Further conditions on which liability may be discharged
6.—(1) The conditions referred to in section 15(5)(c)(ii) (further conditions on which liability for guaranteed minimum pensions may be discharged) are that the requirements of one or more of paragraphs (2) to (5) are satisfied.
(2) The requirements of this paragraph are satisfied if—
(a)the earner is dead and benefit is payable to a person other than the earner’s widow or widower; and
(b)the arrangement for securing the benefit by means of the policy of insurance or annuity contract was made at the written request of the person entitled to it or with the consent of that person given in writing in the form set out in Schedule 1.
(3) The requirements of this paragraph are satisfied if the benefit is provided as an alternative to short service benefit by virtue of a provision that conforms with the requirements of regulation 9(4) of the Occupational Pension Schemes (Preservation of Benefit) Regulations (Northern Ireland) 1991(13) (bought out benefits without consent).

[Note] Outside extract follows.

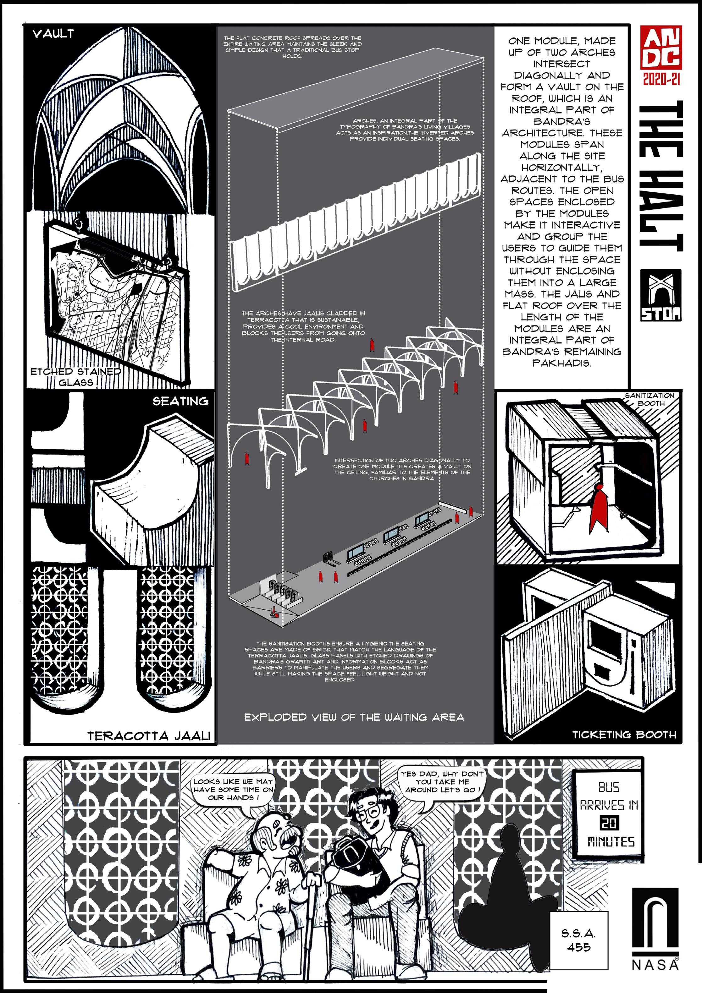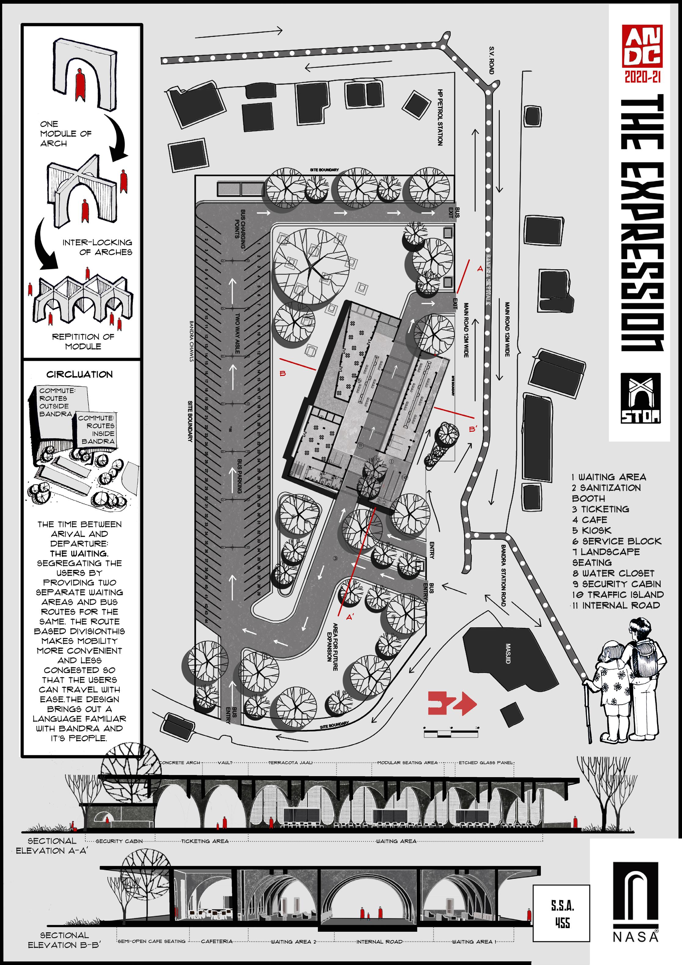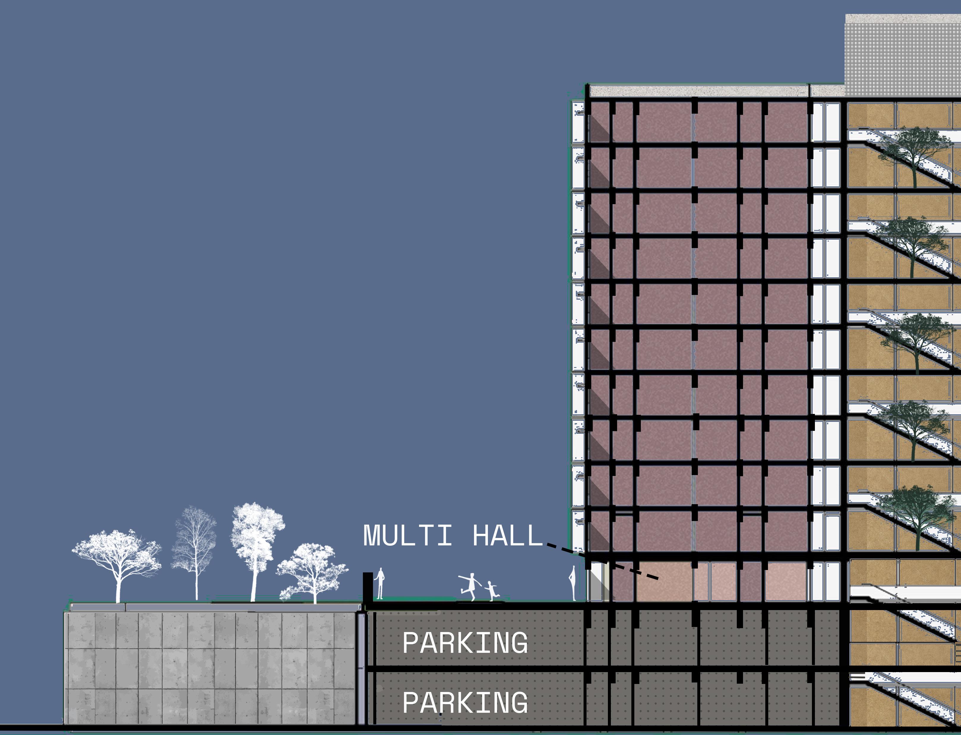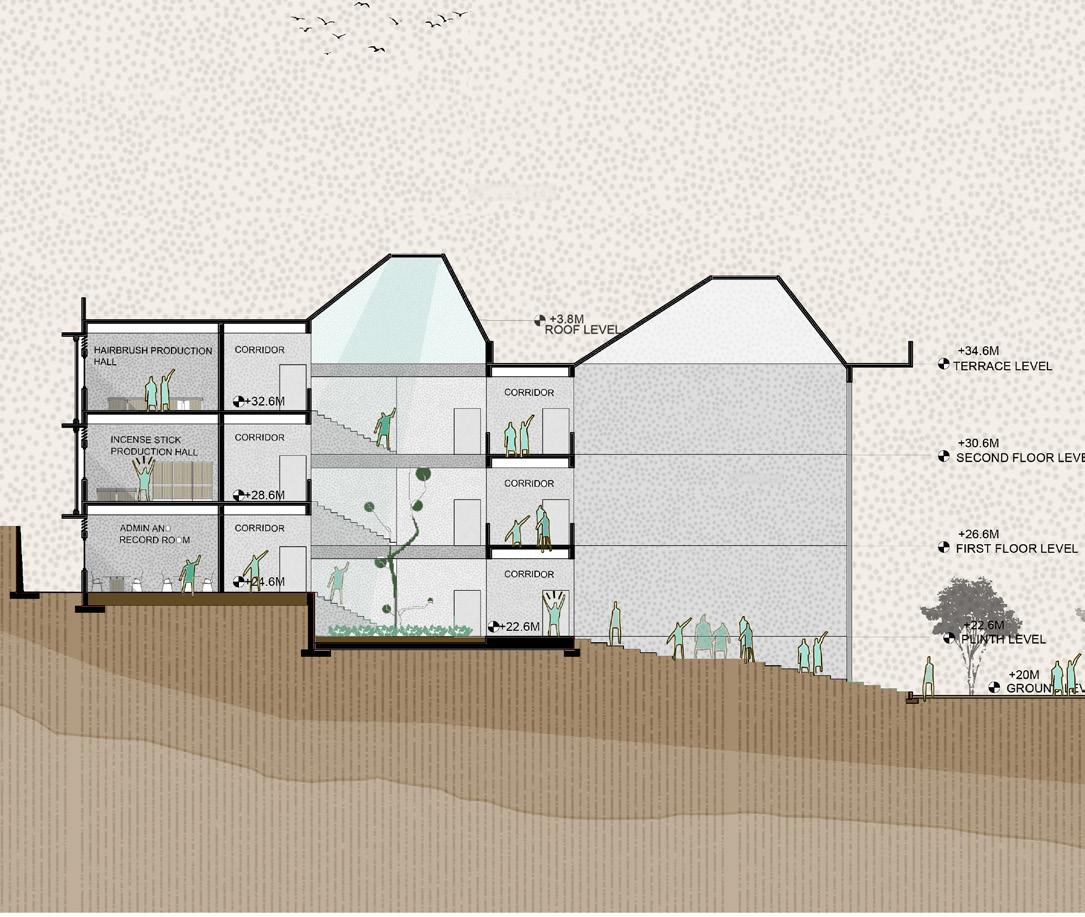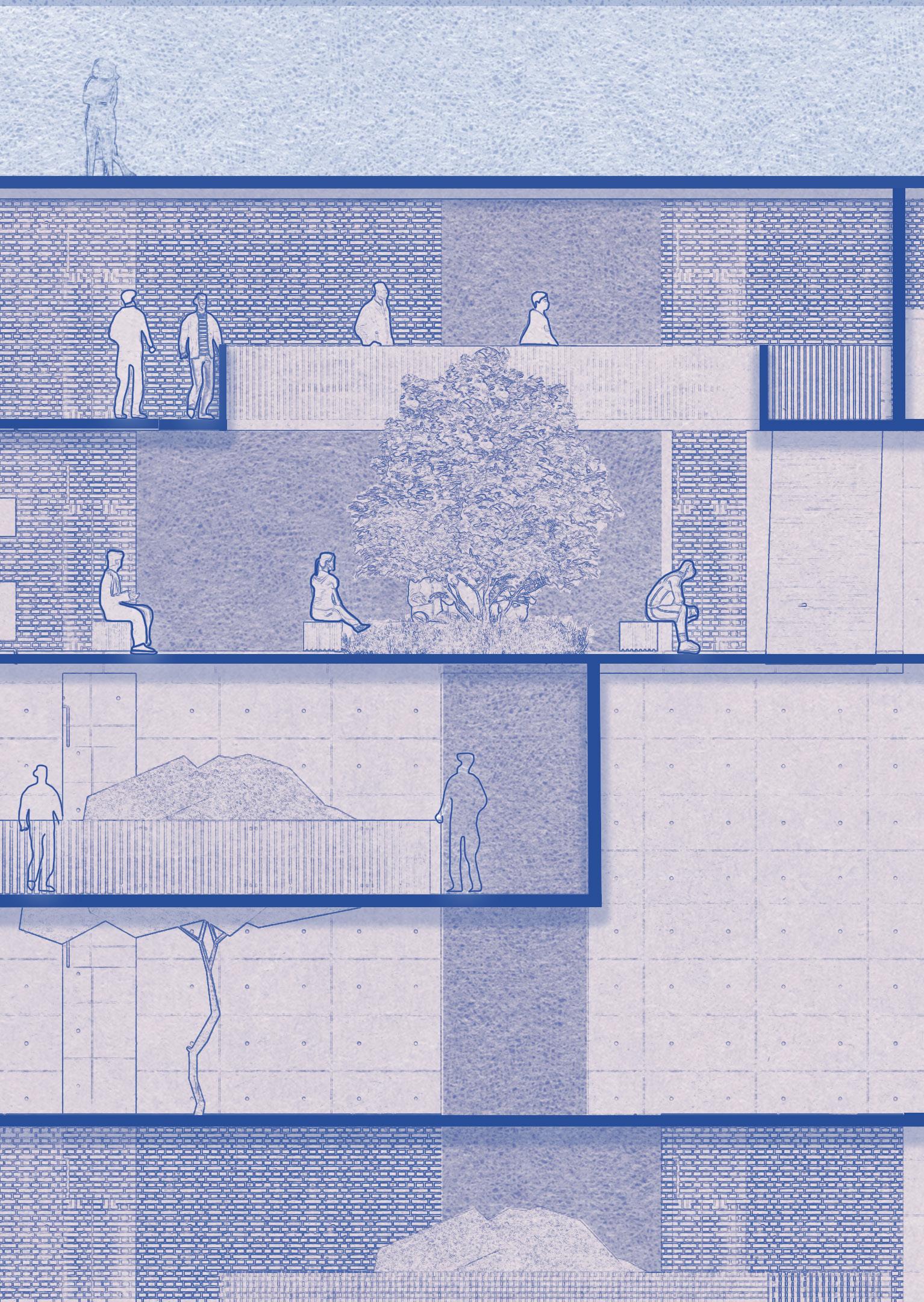 THE POLICE PLAY A VITAL ROLE IN A CITY’S LIFE AND ARE A SYMBOL OF STRENGTH AND PROTECTION. THE DESIGN OF THE LAW ENFORCEMENT CENTER IS IN SUCH A WAY THAT THE FRAMES AT THE ENTRANCE PROTECT THE PEOPLE INSIDE THE CENTER AND ALSO ACTS AS A RESPONSE TO THE CLIMATE OF THE SITE, CREATING FRAMES FOR JALIS WHICH CREATE A COOL MICRO CLMATE INSIDE THE STRUCTURE. THE ENTRANCE HAS STAIRS WHICH BECOMES A SPACE FOR THE PUBLIC,AN ICON TO SIT AND INTERACT INSPIRED BY THE ICONIC LIBRARIES OF MUMBAI.

(4) In a case where an occupational pension scheme is being wound up and Articles 73 (preferential liabilities on winding up) and 74 (discharge of liabilities by insurance, etc.) and regulations made under those Articles do not apply, the requirements of this paragraph are satisfied if the earner is able to assign or surrender the policy of insurance or annuity contract and the conditions specified in regulation 3 are satisfied.
(5) The requirements of this paragraph are satisfied if—
(a)the benefit in question includes a guaranteed minimum pension that is payable to the earner’s widow or widower; and
(b)the trustees—
(i)give the earner’s widow or widower at least 30 days' written notice (“the notice”) of their intention to take out the insurance policy or enter into the annuity contract; and
(ii)send the notice, by registered post, recorded delivery or ordinary post, to the widow or widower at her or his last known address or deliver the notice to the widow or widower personally.
Form of consent
7. For the purpose of section 15(5)(a)(ii) (form of consent to arrangements for securing benefits) the prescribed form is the form set out in Schedule 1.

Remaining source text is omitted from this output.